Mon amie,

Je crois que depuis longtemps tu m’as oubliée, que depuis longtemps tu ne penses plus à moi.
Cette lettre ne te parviendra jamais, je crois, c’est comme une bouteille à la mer qui est si grande.

Je ne sais plus où tu es, je ne connais même pas ta dernière adresse.

Est-ce une lettre d’amour que je suis en train de t’écrire ? Je crois que oui…

Je dois te dire que parfois, dans la rue, j’aperçois ici ou là une fille de dos, dont les grands cheveux pendent jusqu’à la taille et ces fois-là, mon cœur se met à battre très fort car je crois t’avoir reconnue. Bien sûr, ce n’est pas toi mais, alors, je sais que de toute ma vie je n’ai jamais cessé de t’aimer.

De t’aimer toujours et autant que dans ce temps où nous marchions sur les plages main dans la main, où nous dansions serrées l’une contre l’autre, où l’on se roulait dans l’herbe en riant, où l’on se parlait toute la nuit jusqu’à l’aube et où, mes yeux plongés dans les tiens nous nous regardions pendant des heures jusqu’à percer nos âmes.

Ah ! Tes yeux sont restés là, dans la chambre noire qui me sert de cerveau. Non, ce n’est pas comme l’œil qui dans la tombe regarde Caïn, plein de reproche, non, c’est une infinie douceur de jade.

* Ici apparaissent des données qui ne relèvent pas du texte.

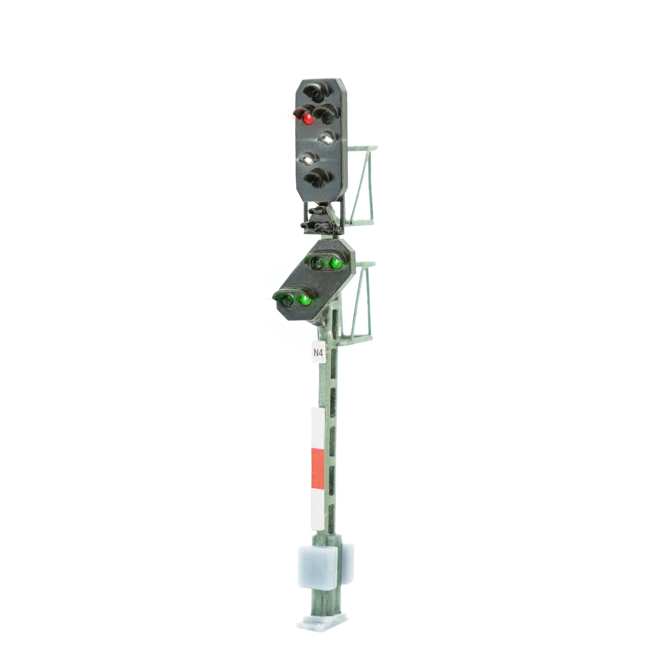 • Signalschild aus pulverbeschichtetem Messing-Feinguss und Mast sowie Korb aus geätztem Messing-Blech - mit filigranen Details wie den feinen Gittern am Korb oder dem originalgetreu ausgeführten Ersatzsignal. Dank der hochwertigen Fertigung sind Signal inkl. Lack absolut robust und kratzfest.

Et je me laisse ainsi bercer, je me laisse immerger doucement dans le souvenir de nos étreintes, quand l’amour s’ajoutait à l’amour. Tu me rendais heureuse et, tu vois, tu me rends toujours heureuse.

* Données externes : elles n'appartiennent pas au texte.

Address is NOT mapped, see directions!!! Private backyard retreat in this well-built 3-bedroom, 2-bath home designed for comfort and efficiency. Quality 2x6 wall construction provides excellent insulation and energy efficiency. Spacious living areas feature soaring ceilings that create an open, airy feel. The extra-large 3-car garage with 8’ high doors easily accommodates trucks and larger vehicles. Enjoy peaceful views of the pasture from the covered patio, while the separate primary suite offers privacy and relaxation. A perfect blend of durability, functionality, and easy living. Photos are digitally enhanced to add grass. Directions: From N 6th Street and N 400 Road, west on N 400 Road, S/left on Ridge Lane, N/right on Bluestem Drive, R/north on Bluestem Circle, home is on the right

Oui, c’est vraiment platonique de penser à toi comme cela, de caresser ta peau avec seulement ces quelques lignes qui s’écoulent sur la page, ces lignes que tu ne liras jamais. Nous nous sommes éloignées mais je n’ai aucune amertume de ne plus te savoir près de moi. A-t-on l’amertume d’un splendide coucher de soleil qui a disparu ? Non, son image reste toujours magnifique en nous. C’est cela que je ressens quand je pense à toi.

Je me dis que peut-être, toi aussi, tu penses à moi en ce moment même avec la même intensité, la même émotion. J’aime à le croire et c’est pour cela, pour sentir cette vibration, que je reste vivante.

À toi.

Sappho

Atelier d’écriture Bègles. 1er mars 22. CG.